As you can see, this dataset contains family spendings over a time period of 15 days in October. Here, it might be informative to see which spending categories are reoccurring and which are just one time spendings.

spendings |> 
  tidyplot(x = category) |> 
  add_count_bar()

One thing to note here is that the x-axis labels are overlapping and are thus unreadable. There are at least two possible solutions for this.

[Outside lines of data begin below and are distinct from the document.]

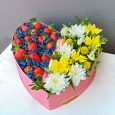 Коробка с клубникой и белой орхидеей
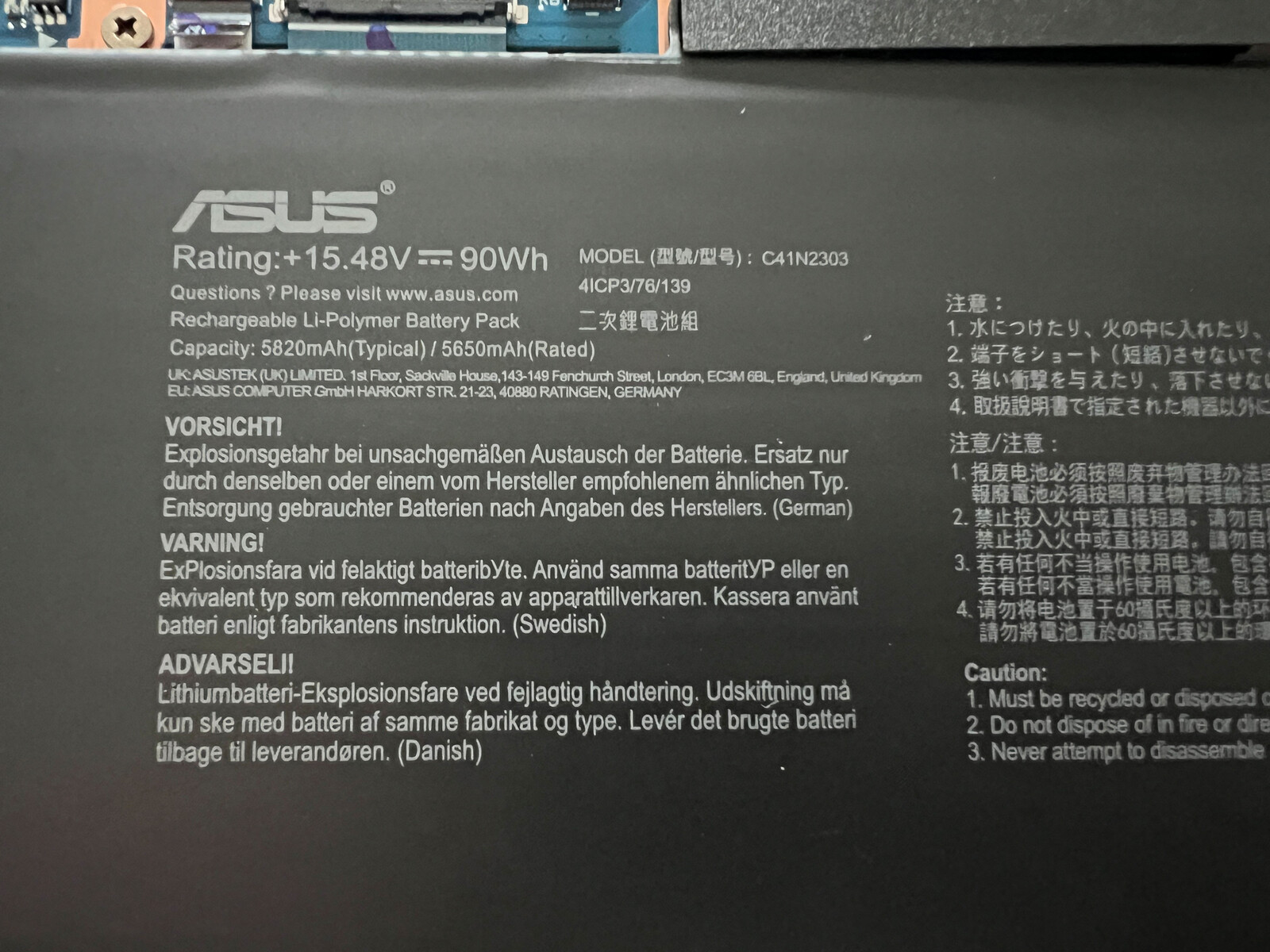 The Asus laptop is equipped with a large 90-Wh battery and its runtimes are excellent in total compared to the Windows comparison devices—only the MacBook Pro 16 came far ahead. Within the Armoury Crate software, it is set that the refresh rate is reduced to 60 Hz in battery mode, which is why we are using these values for the comparison (we will add the values at 240 Hz shortly). During the WLAN test—which often isn't optimal for OLED panels due to lots of bright websites—we noted runtimes of 07:15 hours at 150 cd/m² (57 % of its maximum brightness) and 05:45 hours at full brightness. During the video test at 150 cd/m², its results of just over 11 hours were a lot better. It seems that the new Arc iGPU (or its video decoder) runs very efficiently in this aspect, as the other Meteor-Lake test devices' good runtimes also thoroughly stand out in the video test (for example the Zenbook 14 OLED or the Spectre x360 14—reviews coming soon). If you play an HDR video at maximum brightness, its runtimes are about 7.5 hours, but this is naturally also to do with its limited HDR brightness. One full charge takes 112 minutes with the device switched on, whereby 60 % of its capacity is available after about 35 minutes and 80 % is available after 50 minutes.
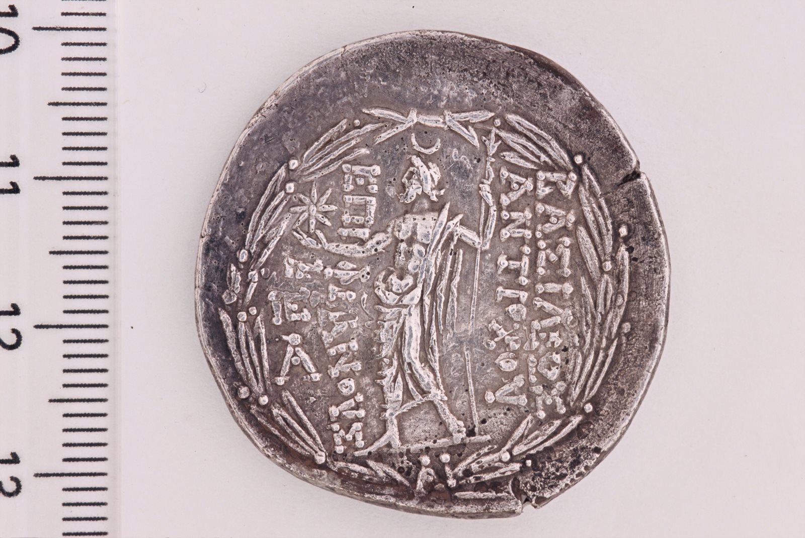 (Antiochos VIII, zeus, tête diadémée, croissant de lune, étoile, sceptre)

One is to swap the x and y-axis.

spendings |> 
  tidyplot(y = category) |> 
  add_count_bar()

The other one is to rotate the x-axis labels.

spendings |> 
  tidyplot(x = category) |> 
  add_count_bar() |> 
  adjust_x_axis(rotate_labels = TRUE)

Now we can appreciate that this family had reoccurring spendings for Food but just one spending for Housing.

Next, we ask the question how much was spend on each of the categories by plotting the sum amount.

spendings |> 
  tidyplot(x = category, y = amount, color = category) |> 
  add_sum_bar() |> 
  adjust_x_axis(rotate_labels = TRUE)

Note that we had to introduce the argument y = amount in the tidyplot() function to make it clear which variable should be summed up.

I also added color = category in the tidyplot() function to have the variable category encoded by different colors.

Since the labels for the variable category are now duplicated in the plot, one could argue that it would be justified to remove the duplicated information on the x-axis.

spendings |> 
  tidyplot(x = category, y = amount, color = category) |> 
  add_sum_bar() |> 
  adjust_x_axis(rotate_labels = TRUE) |> 
  remove_x_axis_labels() |> 
  remove_x_axis_title() |> 
  remove_x_axis_ticks()

Note that besides the x-axis labels, I also removed the x-axis ticks and x-axis title to achieve a cleaner look.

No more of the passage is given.